### WORK ITEM
With pictures left out, output exactly the lines of the listing below from the line that has "The MILWAUKEE 17/64″" to the line that has "Das Steuervereinfachungsgesetz 2011", both lines kept.

====== MATERIAL SUPPLIED ======

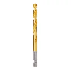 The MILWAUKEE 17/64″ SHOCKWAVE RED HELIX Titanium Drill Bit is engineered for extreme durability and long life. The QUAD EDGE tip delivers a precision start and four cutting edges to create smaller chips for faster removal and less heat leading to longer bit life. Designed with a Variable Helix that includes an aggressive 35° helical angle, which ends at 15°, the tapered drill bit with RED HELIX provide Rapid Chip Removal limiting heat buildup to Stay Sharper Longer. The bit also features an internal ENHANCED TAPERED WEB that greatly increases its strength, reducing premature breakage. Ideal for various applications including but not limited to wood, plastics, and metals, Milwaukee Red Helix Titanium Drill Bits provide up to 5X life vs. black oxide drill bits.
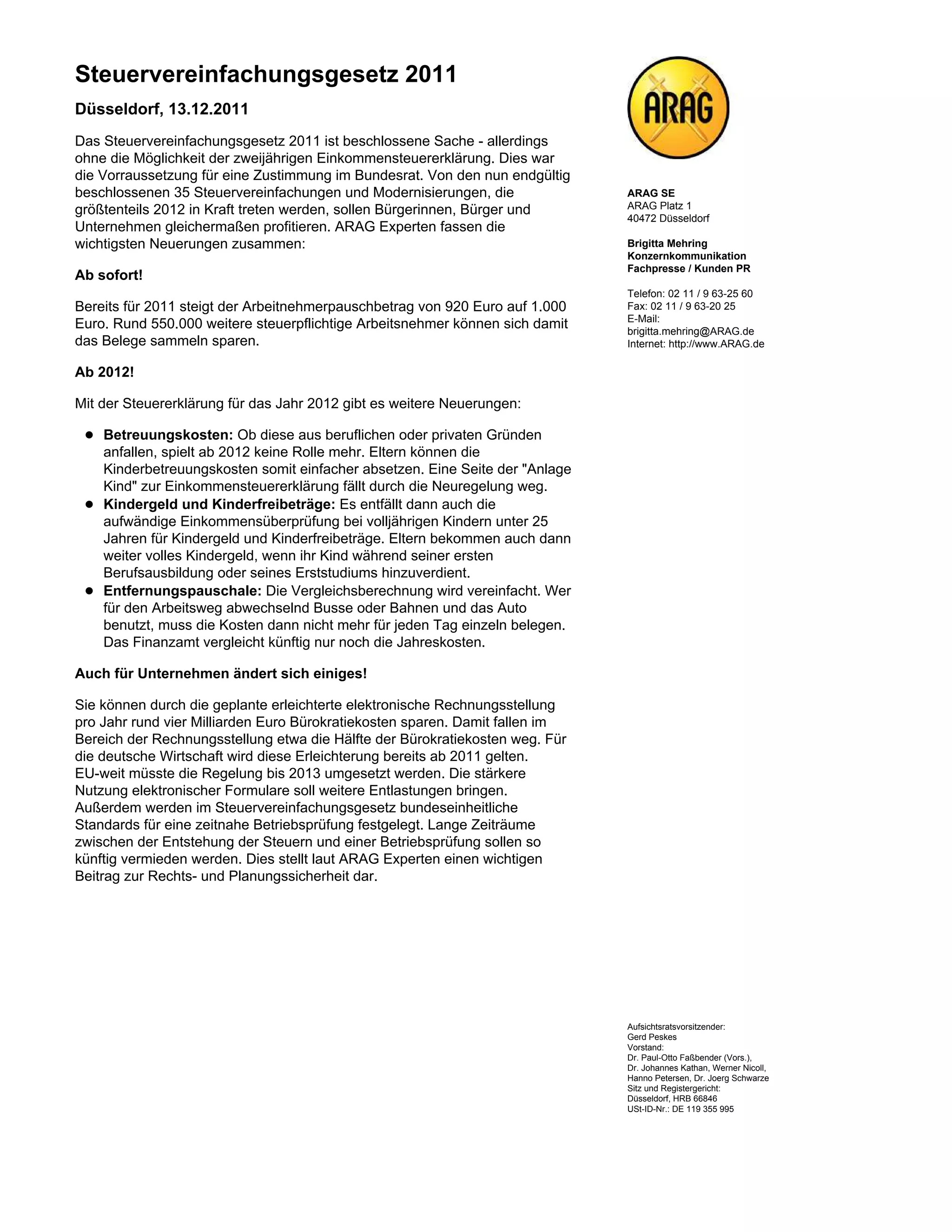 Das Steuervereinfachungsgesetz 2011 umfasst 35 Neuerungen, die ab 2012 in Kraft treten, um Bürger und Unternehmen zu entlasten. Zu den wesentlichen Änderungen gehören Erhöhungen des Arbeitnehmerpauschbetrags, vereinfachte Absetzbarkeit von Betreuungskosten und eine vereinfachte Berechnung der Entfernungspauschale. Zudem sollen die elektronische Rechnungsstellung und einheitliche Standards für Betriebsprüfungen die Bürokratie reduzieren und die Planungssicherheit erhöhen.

======
====== MATERIAL SUPPLIED ======

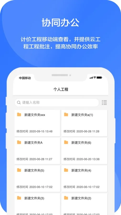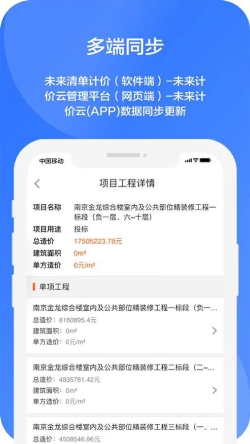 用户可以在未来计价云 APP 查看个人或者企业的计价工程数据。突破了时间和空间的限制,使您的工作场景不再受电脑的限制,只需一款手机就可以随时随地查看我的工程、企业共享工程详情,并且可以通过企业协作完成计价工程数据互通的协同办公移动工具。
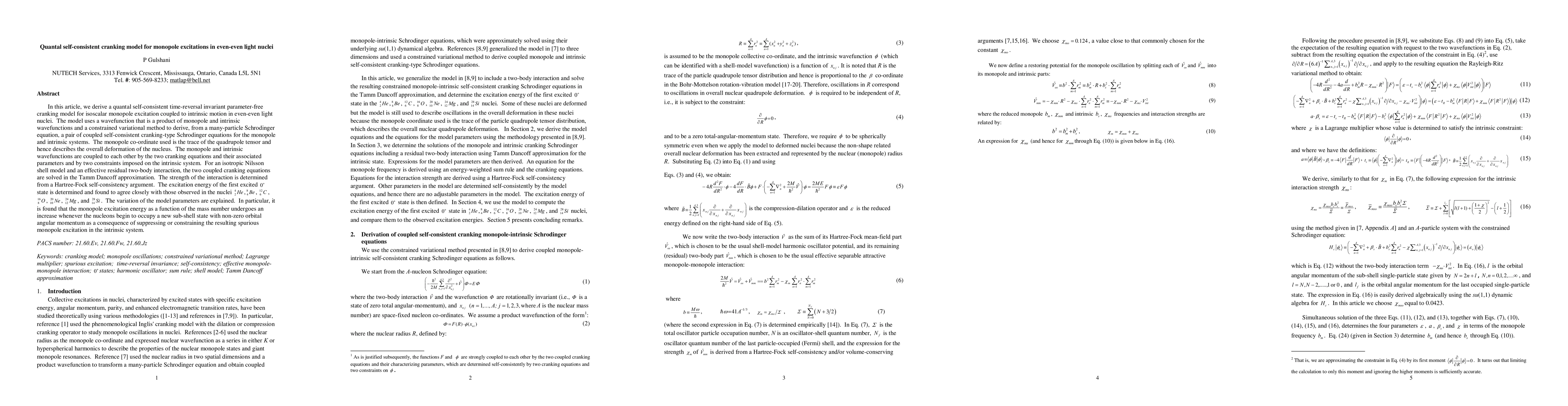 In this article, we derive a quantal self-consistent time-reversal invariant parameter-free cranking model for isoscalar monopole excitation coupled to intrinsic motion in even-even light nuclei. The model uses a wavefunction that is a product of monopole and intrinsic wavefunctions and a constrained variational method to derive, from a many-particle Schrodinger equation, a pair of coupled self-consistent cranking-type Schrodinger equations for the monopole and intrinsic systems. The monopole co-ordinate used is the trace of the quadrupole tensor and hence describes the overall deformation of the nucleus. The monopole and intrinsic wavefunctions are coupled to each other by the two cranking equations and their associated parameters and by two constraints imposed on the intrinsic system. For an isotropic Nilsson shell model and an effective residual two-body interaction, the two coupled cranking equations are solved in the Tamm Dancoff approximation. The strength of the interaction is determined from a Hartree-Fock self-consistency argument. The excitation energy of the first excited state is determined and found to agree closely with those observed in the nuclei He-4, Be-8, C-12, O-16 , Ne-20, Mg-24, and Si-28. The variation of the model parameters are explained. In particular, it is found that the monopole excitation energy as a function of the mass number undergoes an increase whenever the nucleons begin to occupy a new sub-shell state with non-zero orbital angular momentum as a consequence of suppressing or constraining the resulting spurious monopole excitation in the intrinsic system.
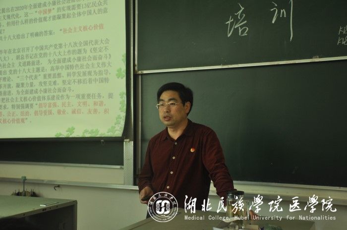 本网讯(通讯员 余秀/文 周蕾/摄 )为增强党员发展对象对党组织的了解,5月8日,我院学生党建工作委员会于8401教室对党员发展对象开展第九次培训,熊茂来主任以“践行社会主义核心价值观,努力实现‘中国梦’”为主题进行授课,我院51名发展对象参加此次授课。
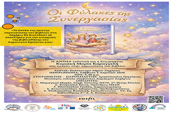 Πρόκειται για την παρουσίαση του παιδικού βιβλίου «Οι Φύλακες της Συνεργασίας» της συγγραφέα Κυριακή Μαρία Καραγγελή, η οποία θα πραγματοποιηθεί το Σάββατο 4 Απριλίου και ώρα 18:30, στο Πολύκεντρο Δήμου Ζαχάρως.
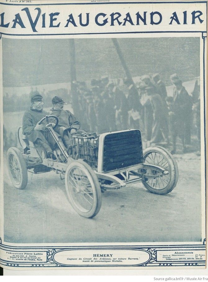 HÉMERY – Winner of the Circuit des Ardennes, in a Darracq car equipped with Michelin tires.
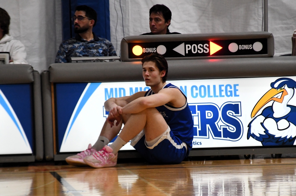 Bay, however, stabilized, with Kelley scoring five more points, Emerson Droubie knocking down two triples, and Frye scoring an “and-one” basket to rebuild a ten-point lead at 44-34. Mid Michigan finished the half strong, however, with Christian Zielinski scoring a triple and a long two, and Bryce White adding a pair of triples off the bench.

======
====== MATERIAL SUPPLIED ======

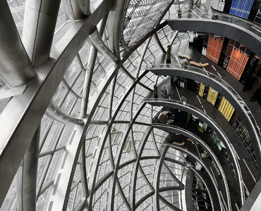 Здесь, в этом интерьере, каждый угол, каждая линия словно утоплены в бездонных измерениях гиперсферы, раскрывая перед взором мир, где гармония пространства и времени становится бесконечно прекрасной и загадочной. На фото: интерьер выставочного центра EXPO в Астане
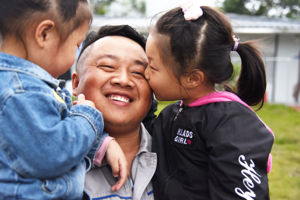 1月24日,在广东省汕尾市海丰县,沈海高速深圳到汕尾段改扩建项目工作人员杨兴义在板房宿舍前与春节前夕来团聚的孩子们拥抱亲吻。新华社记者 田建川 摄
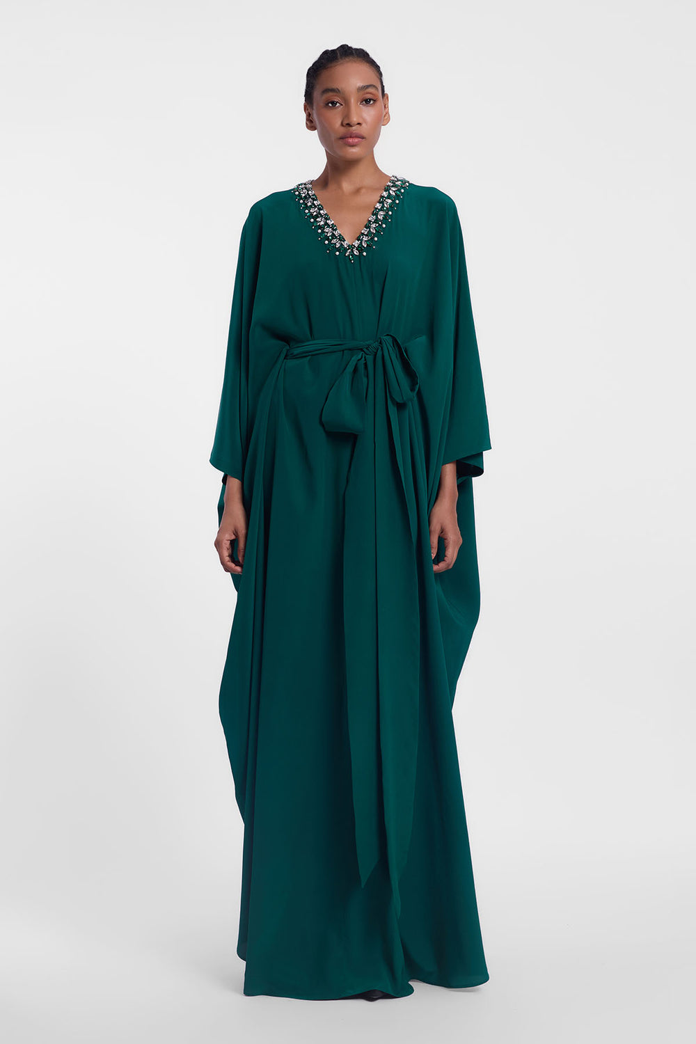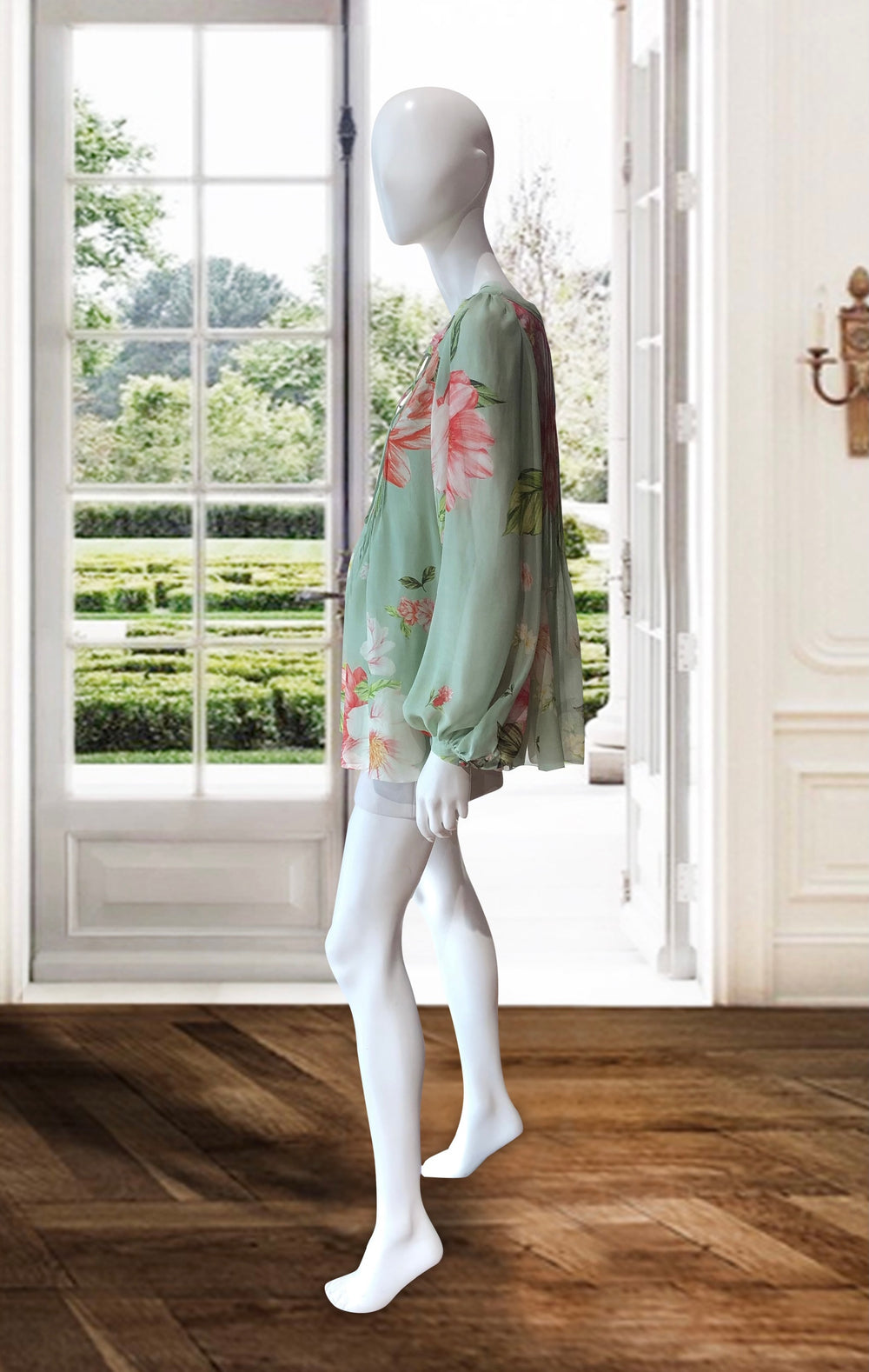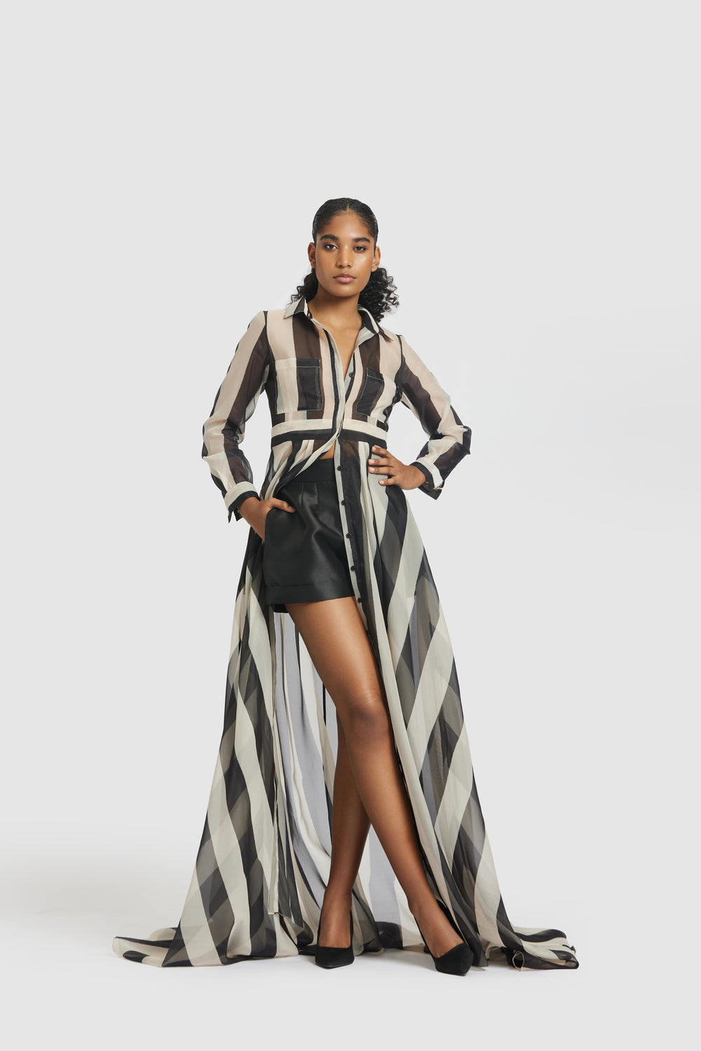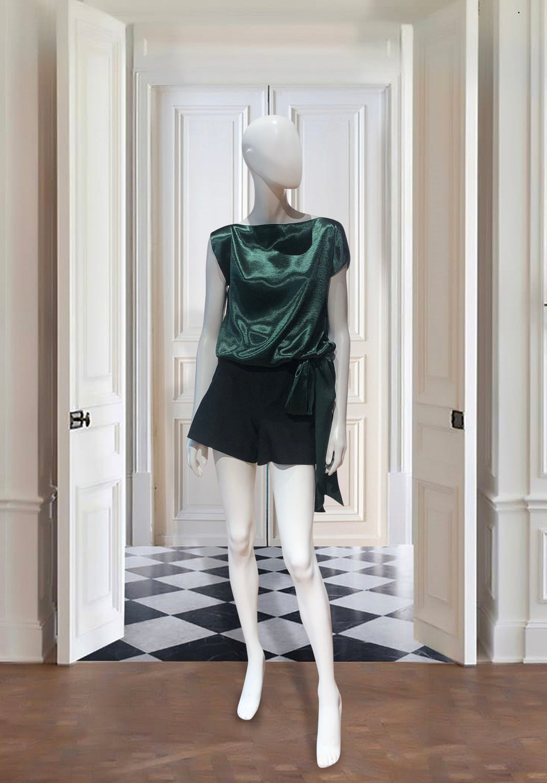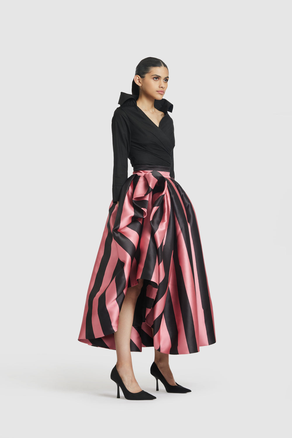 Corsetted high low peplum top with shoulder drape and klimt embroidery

======

### EXERCISE ANSWER
 The MILWAUKEE 17/64″ SHOCKWAVE RED HELIX Titanium Drill Bit is engineered for extreme durability and long life. The QUAD EDGE tip delivers a precision start and four cutting edges to create smaller chips for faster removal and less heat leading to longer bit life. Designed with a Variable Helix that includes an aggressive 35° helical angle, which ends at 15°, the tapered drill bit with RED HELIX provide Rapid Chip Removal limiting heat buildup to Stay Sharper Longer. The bit also features an internal ENHANCED TAPERED WEB that greatly increases its strength, reducing premature breakage. Ideal for various applications including but not limited to wood, plastics, and metals, Milwaukee Red Helix Titanium Drill Bits provide up to 5X life vs. black oxide drill bits.
 Das Steuervereinfachungsgesetz 2011 umfasst 35 Neuerungen, die ab 2012 in Kraft treten, um Bürger und Unternehmen zu entlasten. Zu den wesentlichen Änderungen gehören Erhöhungen des Arbeitnehmerpauschbetrags, vereinfachte Absetzbarkeit von Betreuungskosten und eine vereinfachte Berechnung der Entfernungspauschale. Zudem sollen die elektronische Rechnungsstellung und einheitliche Standards für Betriebsprüfungen die Bürokratie reduzieren und die Planungssicherheit erhöhen.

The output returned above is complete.